10. La demanderesse n'a pas observé le délai de deux mois prescrit pour présenter la requête en poursuite de la procédure, aux termes de l'article 121 de la CBE et de la règle 51.1 du PCT. En vertu de l'article 48.2) a) du PCT, le non-respect de ce délai peut également être "excusé". Dans ce cas, le remède juridique comparable prévu par la CBE est la restitutio in integrum.

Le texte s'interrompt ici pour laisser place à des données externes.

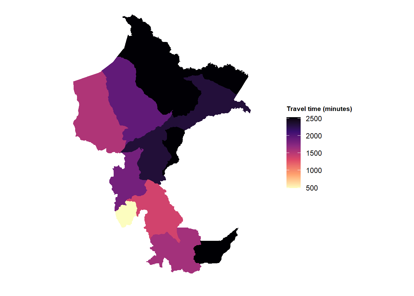 Visualize the relationship between association between malaria incidence count, temperature, forest loss, and travel time to health centers across the Peruvian Amazon

11. Par une lettre datée du 29 février 1984 (reçue le 2 mars 1984), la demanderesse a présenté une requête en restitutio in integrum quant au délai de deux mois fixé pour la présentation de la requête en poursuite de la procédure et a acquitté les taxes correspondantes le 2 mars 1984. C'est la notification de l'OEB en date du 28 février 1984 signalant qu'il y avait lieu de présenter une requête en poursuite de la procédure et que le délai prévu à l'article 121 (2) de la CBE était venu à expiration qui a fait cesser l'empêchement. Par ailleurs, l'acte non accompli a été exécuté, autrement dit la requête en poursuite de la procédure a été présentée et la taxe de poursuite de la procédure a été acquittée. La requête en restitutio in integrum a donc été présentée dans le délai prescrit (article 122 (2) de la CBE).

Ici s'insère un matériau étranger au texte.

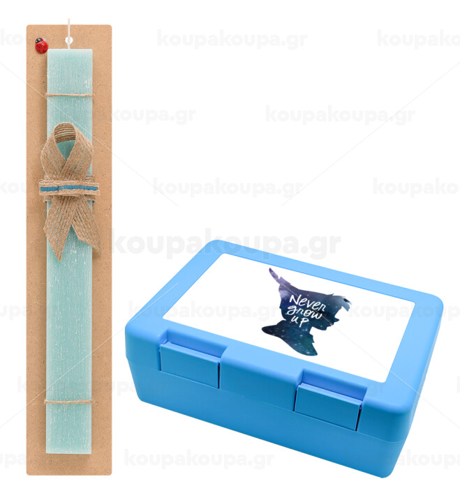 Never Grow UP, Πασχαλινή Λαμπάδα με παιδικό δοχείο κολατσιού ΓΑΛΑΖΙΟ & κερί αρωματικό πλακέ (30cm) (ΤΙΡΚΟΥΑΖ)

Compte tenu de la complexité de la situation (cf. décision de la chambre de recours juridique J 06/79, JO n° 7/1980, p. 225), les motifs invoqués par le mandataire et les faits sur lesquels il s'appuie montrent qu'il a fait preuve de toute la vigilance nécessitée par les circonstances.
Etant donné qu'il est fait droit à la requête en restitutio in integrum quant au délai visé à l'article 121 (2) de la CBE et que les conditions requises pour l'application de cette clause de sauvegarde sont remplies, la procédure relative à la demande doit être poursuivie par l'OEB en vertu de l'article 24.2) ensemble l'article 48.2) a) du PCT, l'article 25 du PCT et l'article 121 de la CBE, et les effets en tant que demande européenne de la demande internationale prévus à l'article 11.3) du PCT doivent être maintenus.
12. C'est à la Division d'examen qu'il incombe de prendre la décision de maintenir les effets de la demande internationale, cette compétence découlant de l'article 153 (2) de la CBE ensemble les articles 25 et 24.2) du PCT. La Section de dépôt est compétente pour la poursuite de la procédure relative à la demande et c'est à elle que la demande doit être transmise (article 16 de la CBE).
1 Traduction.
2 Les décisions des divisions d'examen et d'opposition sont publiés au JO OEB, lorsqu'elles portent sur des questions d'intérêt général, qu'elles sont passées en force de chose jugée et que les chambres de recours n'ont pas encore eu à statuer en la matière (JO de l'OEB 3/1984, p. 117).